_Description of the task_.
Your answer should consist only of the records, copied exactly, with the images removed.

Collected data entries
^^^^^^^^

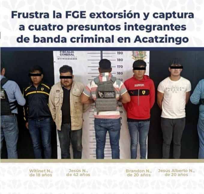 La Fiscalía General del Estado de Puebla informa que como resultado de labores de inteligencia y actuación oportuna, logró frustrar una extorsión y detener en flagrancia a cuatro presuntos integrantes de una célula delictiva que operaba en el municipio de Acatzingo.
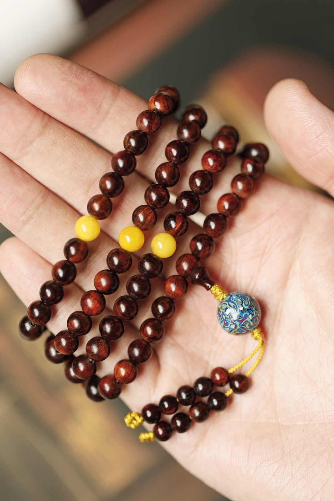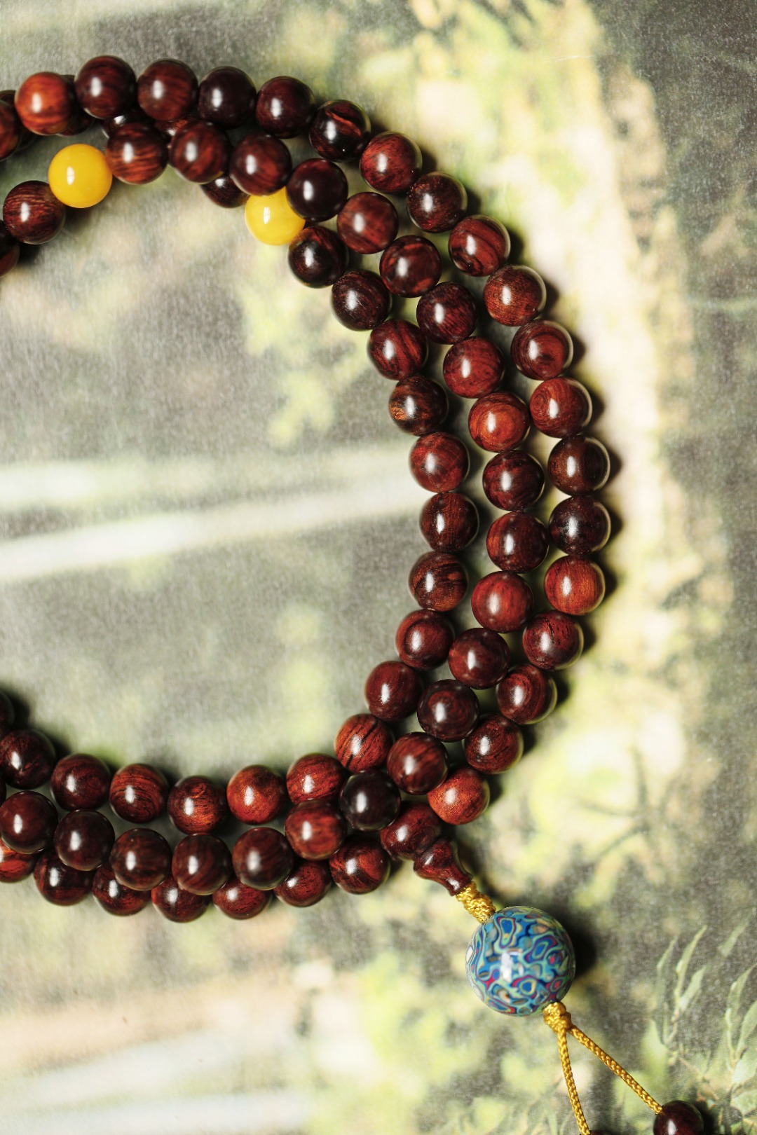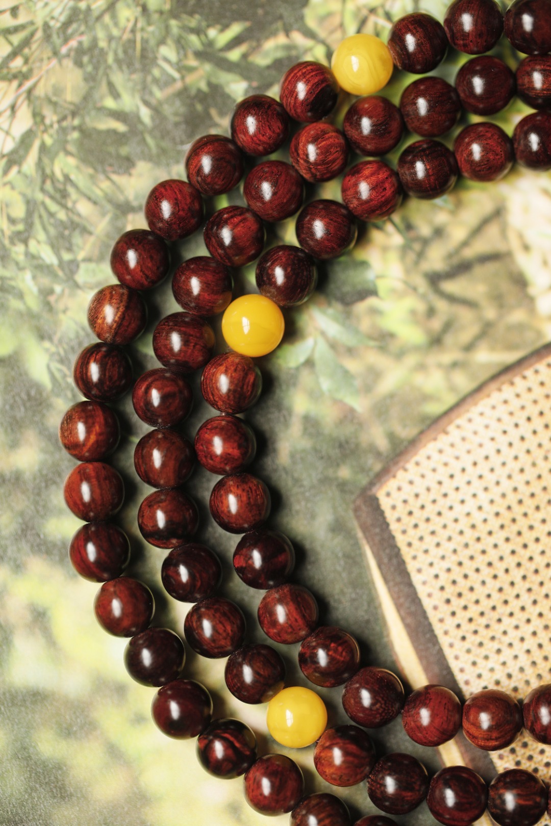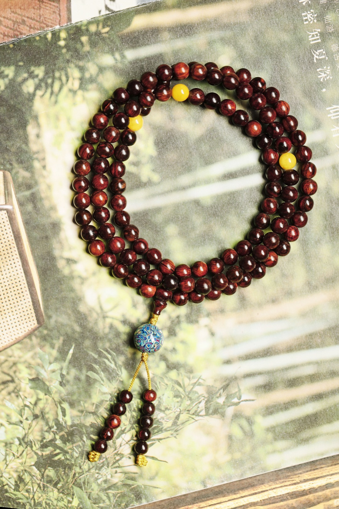 【5676】高档 沉水级 海黄紫油梨老料108颗7mm念珠 纹理清晰 降香浓郁 约26.4g
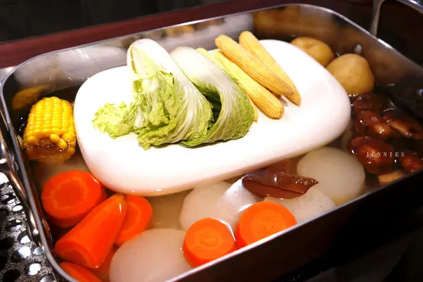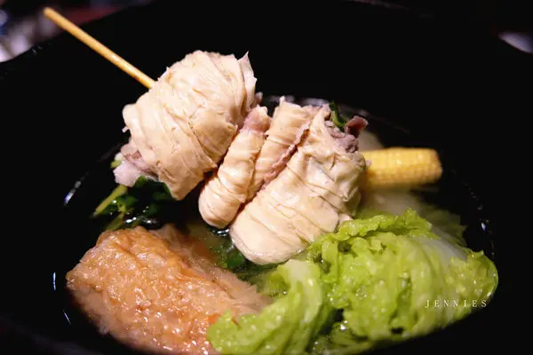 小豆芽豬肉豆皮捲及玉米筍還有娃娃菜...,他們家的湯頭也是清清淡淡,喝起來也滿舒服的,跟整家店的風格非常合搭。
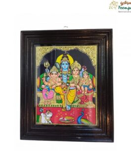 Tanjore Painting of Sivan Family - 18 Inches Bring home the divine essence of the Sivan Family with this exquisite Tanjore Painting, measuring 18 inches. This stunning artwork beautifully portrays Lord Shiva, Goddess Parvati, and their sons, Lord Ganesha and Lord Murugan, capturing the harmony and blessings of this revered family, making it an ideal centerpiece for your prayer space…
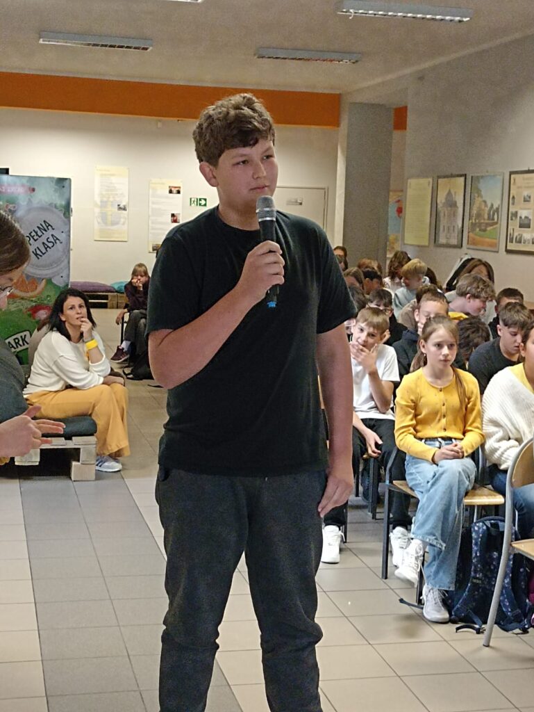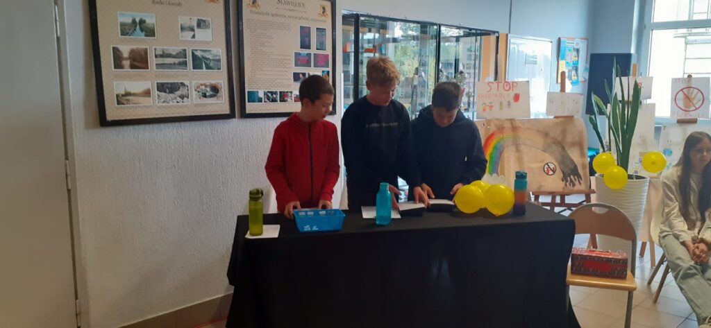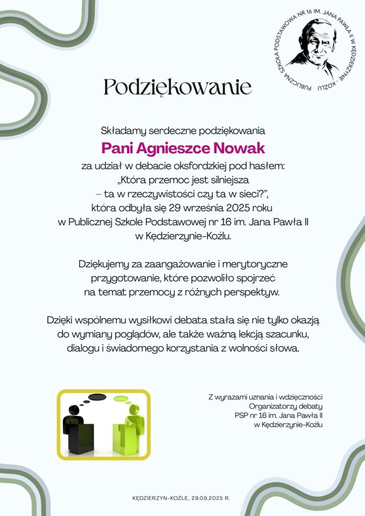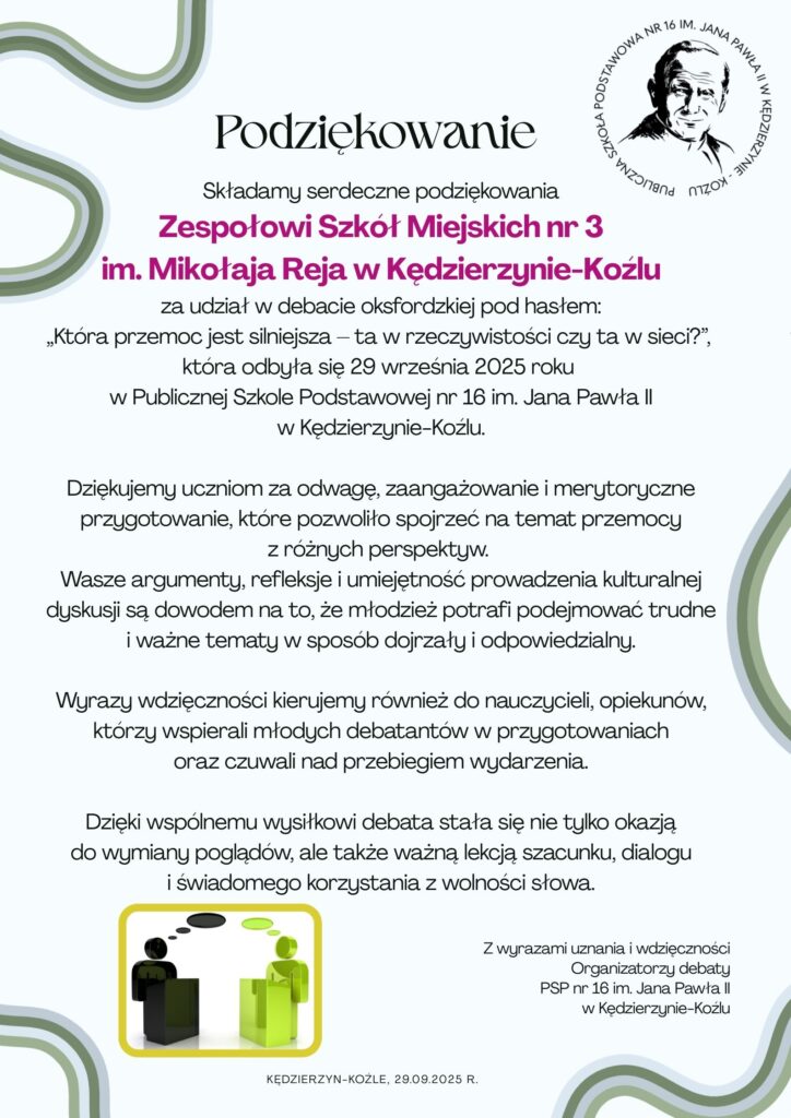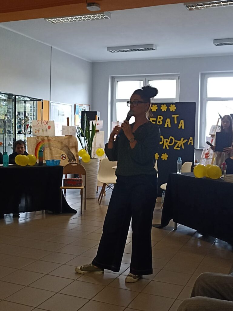 Serdeczne podziękowania kierujemy do wszystkich uczestników debaty, jak też do widowni, która w bardzo czynny sposób brała udział w tym wydarzeniu poprzez zadawanie pytań oraz dzielenie się swoimi doświadczeniami. Dziękujemy uczniom za odwagę, zaangażowanie i merytoryczne przygotowanie, które pozwoliło spojrzeć na temat przemocy z różnych perspektyw. Wasze argumenty, refleksje i umiejętność prowadzenia kulturalnej dyskusji są dowodem na to, że młodzież potrafi podejmować trudne i ważne tematy w sposób dojrzały i odpowiedzialny.
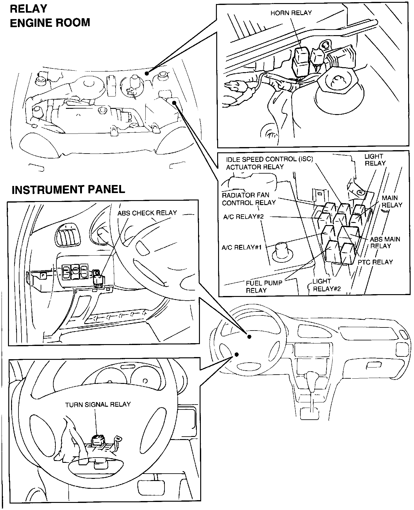 The diagrams in Installation Position of Single Unit Parts shows installation position of fuse, relay and control units used in this vehicle. They are illustrated in the image.
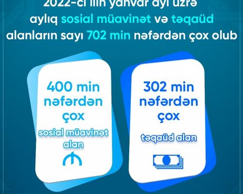 Yanvar ayı üzrə aylıq sosial müavinət və təqaüd alanların sayı 702 min nəfərdən çoxdur 24 Fevral 2022 11:06
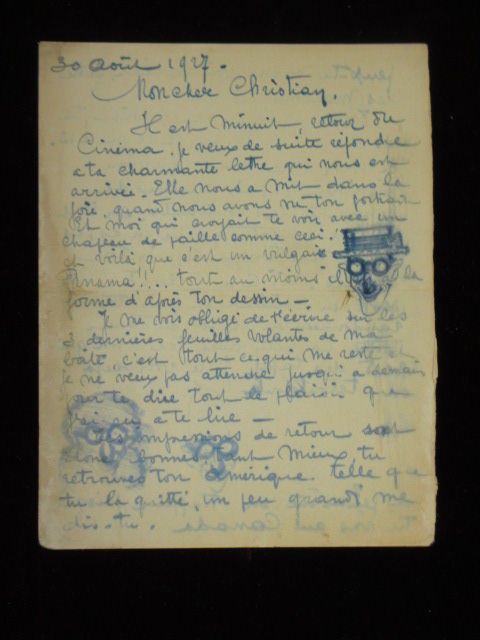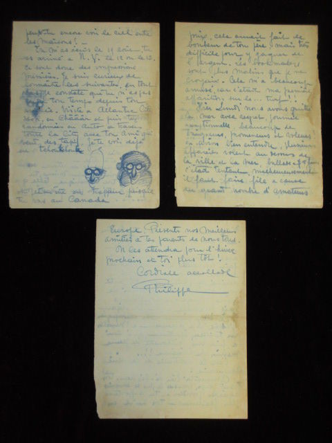 N.p., 1927. Very Good+. (ALS), Octavo, 6 pages, to a friend "Christian." With three caricature drawings in the text - written in blue ink. Philippe Swyncop (1878 - 1949) was the older brother of Charles Swyncop, both were accomplished artists. Philippe lived in Spain for 12 years, produced valuable works in oil, watercolor and prints.
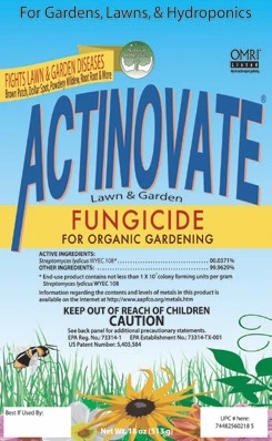 ACTINOVATE FUNGICIDE FOR LAWN & GARDEN contains microorganisms beneficial for organic gardening.
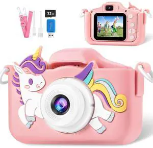 Kids Camera, Toys for Toddlers Age 3-8 Year Old Girl Christmas Birthday Gifts, Children Digital Camera with Cartoon Soft Silicone Cover and 32GB Card (Pink)
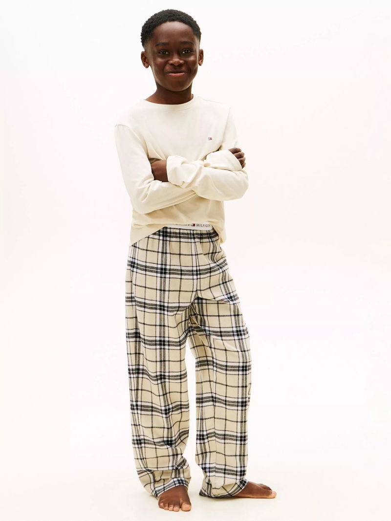 Kids' Cotton Flannel Long Sleeved Pyjamas, Newsprint/Tartan
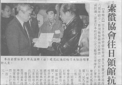 For the past thirty odds years, our association has continuously been requesting the Japanese Government to exchange back the Military Yens. On 13 August 1993, the case of the 'Military Yens' was put on court in Japan. After 28 times of court trial, on 17-06-99, the Japanese Court gave the verdict that she admitted there was tremendous harm done to the Hong Kong citizens during the war, however, since there was no compensation law in Japan, the court turned down our claims for the compensation and exchange of 'Military Yens''.
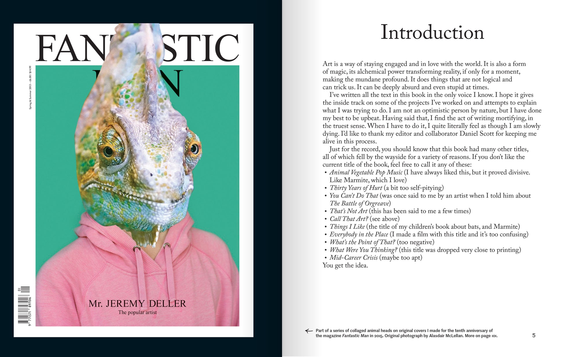 This is artist Jeremy Deller's attempt to connect the key works of his career to the art, pop music, film, politics and history that have inspired him. The book features work from across his life and art including Sacrilege, the inflatable Stonehenge, the Iggy Pop Life Class, The Battle of Orgreave, bats (a subject in at least three of Deller's works), Andy Warhol (whom he met in 1986), rave culture, hen harriers pecking out the eyes of a Tory MP, and a giant Chameleon slide.
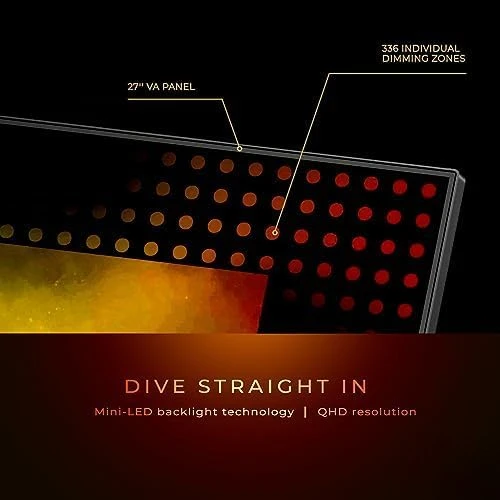 Witness virtual worlds come to life on a stunning VA panel equipped with state-of-the-art Mini-LED backlight technology and 336 individual dimming zones that produce true blacks and brighter whites
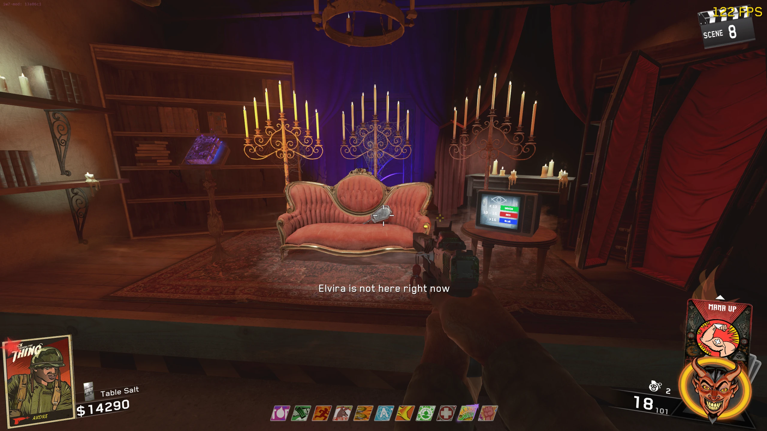 - Elvira's Mirror - You need to summon Elvira (by giving her a filled Vial) and then wait for her to "despawn". Once she's despawned, go to the TV Station and interact with the mirror on the couch; you can pick it up when it says, "Elvira is not here right now".

^^^^^^^^

_Expected output_.
 La Fiscalía General del Estado de Puebla informa que como resultado de labores de inteligencia y actuación oportuna, logró frustrar una extorsión y detener en flagrancia a cuatro presuntos integrantes de una célula delictiva que operaba en el municipio de Acatzingo.
 【5676】高档 沉水级 海黄紫油梨老料108颗7mm念珠 纹理清晰 降香浓郁 约26.4g
 小豆芽豬肉豆皮捲及玉米筍還有娃娃菜...,他們家的湯頭也是清清淡淡,喝起來也滿舒服的,跟整家店的風格非常合搭。
 Tanjore Painting of Sivan Family - 18 Inches Bring home the divine essence of the Sivan Family with this exquisite Tanjore Painting, measuring 18 inches. This stunning artwork beautifully portrays Lord Shiva, Goddess Parvati, and their sons, Lord Ganesha and Lord Murugan, capturing the harmony and blessings of this revered family, making it an ideal centerpiece for your prayer space…
 Serdeczne podziękowania kierujemy do wszystkich uczestników debaty, jak też do widowni, która w bardzo czynny sposób brała udział w tym wydarzeniu poprzez zadawanie pytań oraz dzielenie się swoimi doświadczeniami. Dziękujemy uczniom za odwagę, zaangażowanie i merytoryczne przygotowanie, które pozwoliło spojrzeć na temat przemocy z różnych perspektyw. Wasze argumenty, refleksje i umiejętność prowadzenia kulturalnej dyskusji są dowodem na to, że młodzież potrafi podejmować trudne i ważne tematy w sposób dojrzały i odpowiedzialny.
 The diagrams in Installation Position of Single Unit Parts shows installation position of fuse, relay and control units used in this vehicle. They are illustrated in the image.
 Yanvar ayı üzrə aylıq sosial müavinət və təqaüd alanların sayı 702 min nəfərdən çoxdur 24 Fevral 2022 11:06
 N.p., 1927. Very Good+. (ALS), Octavo, 6 pages, to a friend "Christian." With three caricature drawings in the text - written in blue ink. Philippe Swyncop (1878 - 1949) was the older brother of Charles Swyncop, both were accomplished artists. Philippe lived in Spain for 12 years, produced valuable works in oil, watercolor and prints.
 ACTINOVATE FUNGICIDE FOR LAWN & GARDEN contains microorganisms beneficial for organic gardening.
 Kids Camera, Toys for Toddlers Age 3-8 Year Old Girl Christmas Birthday Gifts, Children Digital Camera with Cartoon Soft Silicone Cover and 32GB Card (Pink)
 Kids' Cotton Flannel Long Sleeved Pyjamas, Newsprint/Tartan
 For the past thirty odds years, our association has continuously been requesting the Japanese Government to exchange back the Military Yens. On 13 August 1993, the case of the 'Military Yens' was put on court in Japan. After 28 times of court trial, on 17-06-99, the Japanese Court gave the verdict that she admitted there was tremendous harm done to the Hong Kong citizens during the war, however, since there was no compensation law in Japan, the court turned down our claims for the compensation and exchange of 'Military Yens''.
 This is artist Jeremy Deller's attempt to connect the key works of his career to the art, pop music, film, politics and history that have inspired him. The book features work from across his life and art including Sacrilege, the inflatable Stonehenge, the Iggy Pop Life Class, The Battle of Orgreave, bats (a subject in at least three of Deller's works), Andy Warhol (whom he met in 1986), rave culture, hen harriers pecking out the eyes of a Tory MP, and a giant Chameleon slide.
 Witness virtual worlds come to life on a stunning VA panel equipped with state-of-the-art Mini-LED backlight technology and 336 individual dimming zones that produce true blacks and brighter whites
 - Elvira's Mirror - You need to summon Elvira (by giving her a filled Vial) and then wait for her to "despawn". Once she's despawned, go to the TV Station and interact with the mirror on the couch; you can pick it up when it says, "Elvira is not here right now".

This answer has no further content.